• [Extracted information]
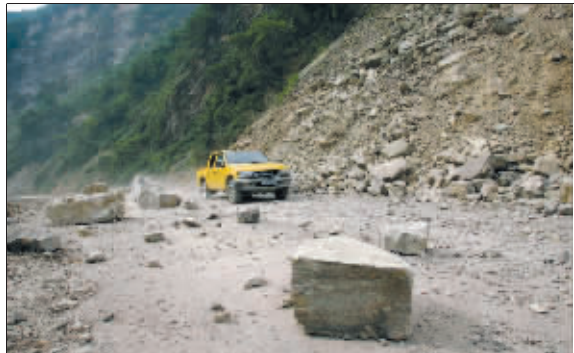
余震中有山石滑落 新华社发
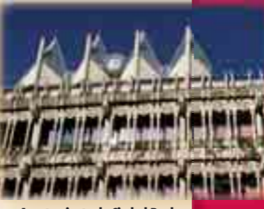
Ayuntamiento de Ciudad Real
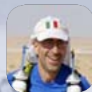
Testo di Paolo Barghini
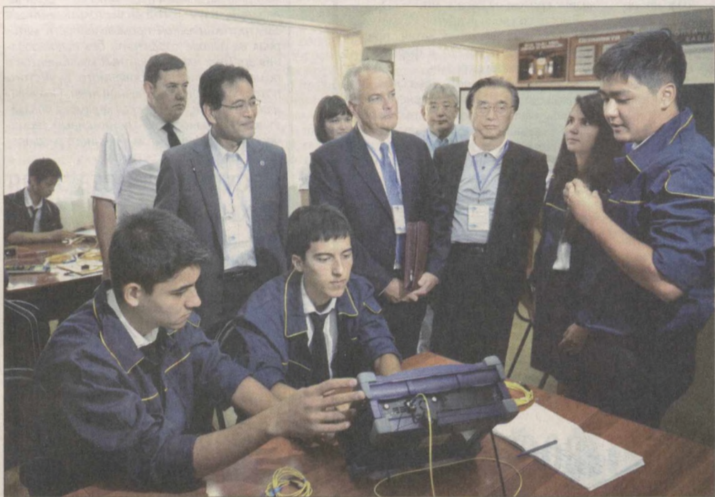
Участники международной конференции "О роли и значении малого бизнеса и частного предпринимательства в реализации социально-экономической политики в Узбекистане", организованной по инициативе Президента Ислама Каримова, 13 сентября ознакомились с осуществляемой в Ташкенте и Бухаре широкомасштабной работой по развитию малого бизнеса и частного предпринимательства, посетили средние специальные, профессиональные учебные заведения, а также совершили экскурсии по историческим, архитектурным и культурным объектам.
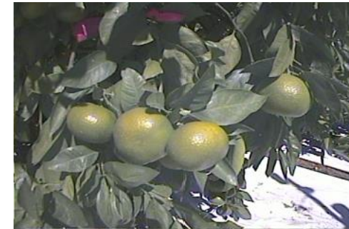
カメラ撮影による果実の状態
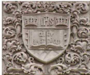
Το σύμβολο του Κολεγίου της Βοστώνης (ΗΠΑ)

• Στην είσοδο του Κολεγίου της Βοστώνης στη Μασσαχουσέτη , πάνω σε σκαλιστή πλάκα υπάρχει η επιγραφή: « Αιέν Αριστεύειν » (Ιλιάς Ζ στ. 208).
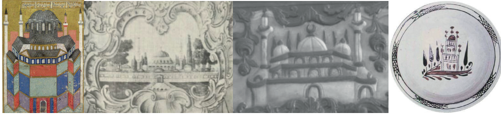
Görsel 12: Minyatür (Bağcı vd., 2006), duvar resmi (Renda 1977), minber yüzeyi (Bayrakal 2004), seramik tabak (Öney 2007)

El sanatları örneklerinde kompozisyonlar daha küçük boyutlu ve sade kurguya sahiptir. Bunlar arasında minyatür sanatı mimari unsurların en çok yer aldığı grubu oluşturmaktadır. Minyatürlü yazma eserlerde doğrudan mimari yapının betimlendiği örnekler olduğu gibi sahneyle ilişkili olarak mimari yapıya yer verildiği de görülmektedir. Ayrıca topografik resimler olarak bilinen örneklerde manzara tasviriyle birlikte çok sayıda mimari yapı betimlenmiştir 23 . Diğer el sanatlarından dokuma örneklerinde seccade ve halı (Karaçay 2015: 141-155; Bayraktaroğlu 2004: 21-36), maden örneklerinde gülabdan ve buhurdan (Ayhan 2014: 61-65), çini ve seramik sanatı örneklerinde 24 mimari kompozisyonlar yüzeyin bezenmesinde tercih edilmiştir (Görsel 13).
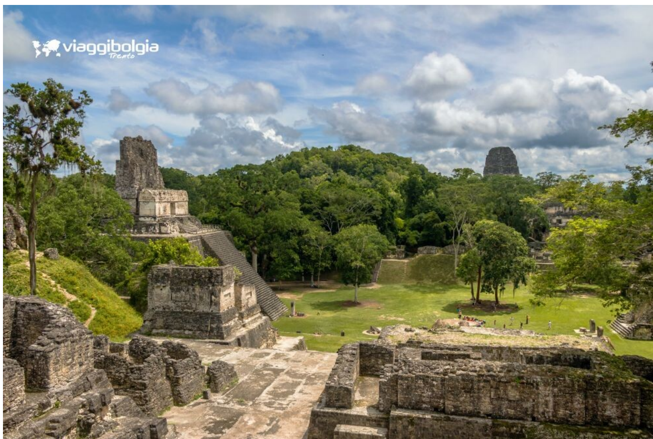
Tikal, una delle più grandi città maya dell'America Centrale, immersa nella giungla del Petén

Al termine trasferimento all'aeroporto di Flores e volo per Guatemala City . Arrivo, trasferimento e sistemazione in hotel. Cena in ristorante e pernottamento.
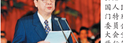
1998年5月5日，全国人民代表大会澳门特别行政区筹备委员会在北京人民大会堂宣告成立并举行第一次全体会议。这是李鹏同志作为筹备委员会主任委员何厚铨颁发任命书。
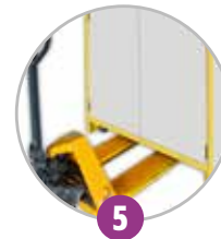
5 Déplacement par transpalette (à vide)
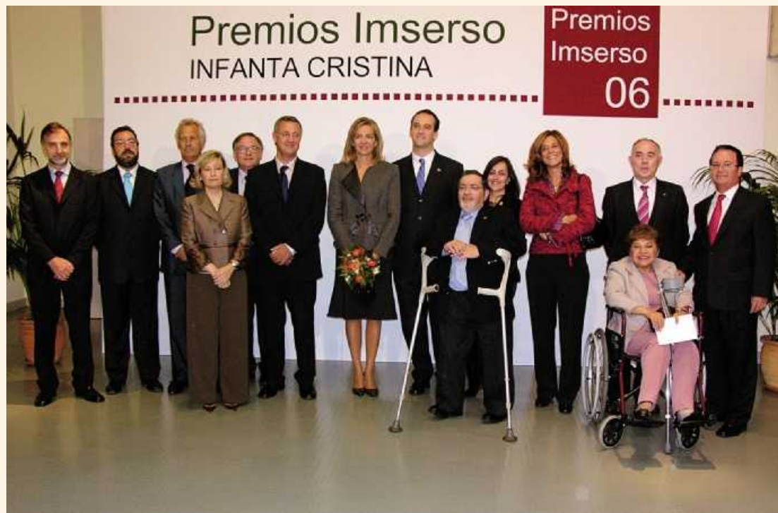
La Infanta Cristina posa con los premiados en la edición del 2006

El Premio a Estudios e Investigaciones Sociales con dotación hasta los 15.000 euros, premiará la labor de realizadores de estudios o investigaciones cuya contribu-
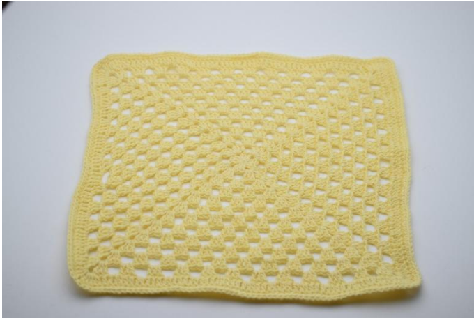
9. Le Doudou est maintenant terminé.
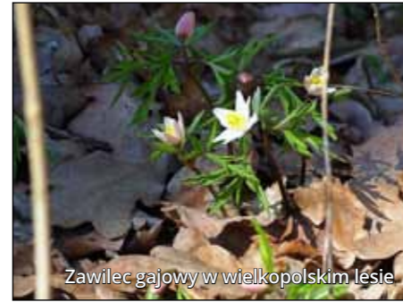
Zawilec gajowy w wielkopolskim lesie

Naukę uprawianą w sposób wykorzystujący dane zebrane przez wolontariuszy określa się mianem nauki obywatelskiej, ponieważ wyniki otrzymuje się dzięki współpracy osób
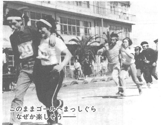
このままゴールへまっしぐら なぜか楽しそう—
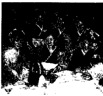
5月3日(月) 中里村成人式
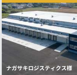
ナガサキロジスティクス様

支援物資を倉庫会社と連携することで、食品など最適温度で管理可能。玄米は、配布会直前に精米してお渡ししています。
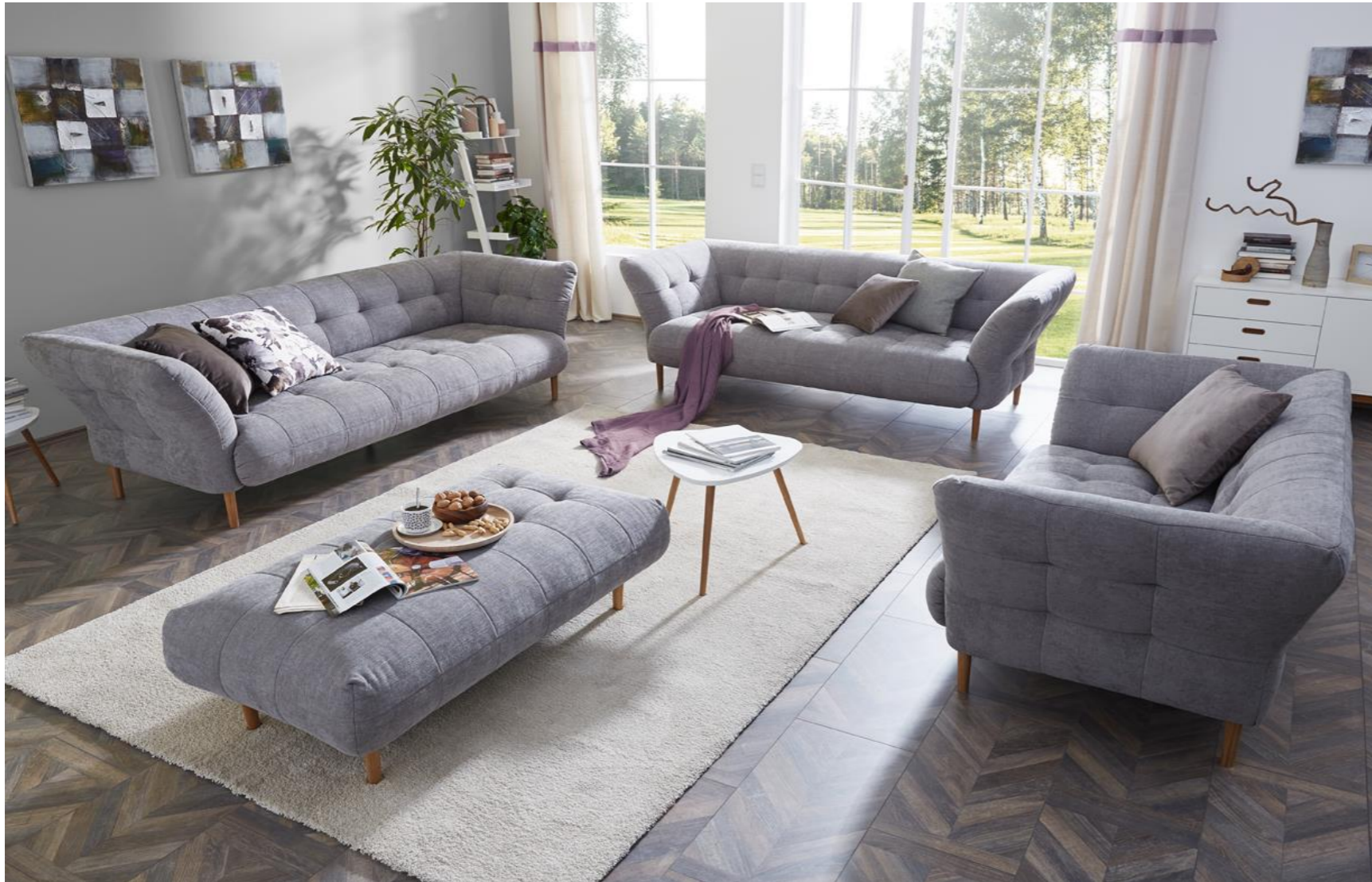
3-Sitzer / 2,5-Sitzer / Loveseat im Bezug Yelda light grey - Kissen gegen Aufpreis

• [What you are asked to do]
Print each line from the one containing "このままゴールへまっしぐら なぜか楽しそう—" through the last line of the listing, both included, exactly and with no pictures.

• [Task output]
このままゴールへまっしぐら なぜか楽しそう—
5月3日(月) 中里村成人式
ナガサキロジスティクス様

支援物資を倉庫会社と連携することで、食品など最適温度で管理可能。玄米は、配布会直前に精米してお渡ししています。
3-Sitzer / 2,5-Sitzer / Loveseat im Bezug Yelda light grey - Kissen gegen Aufpreis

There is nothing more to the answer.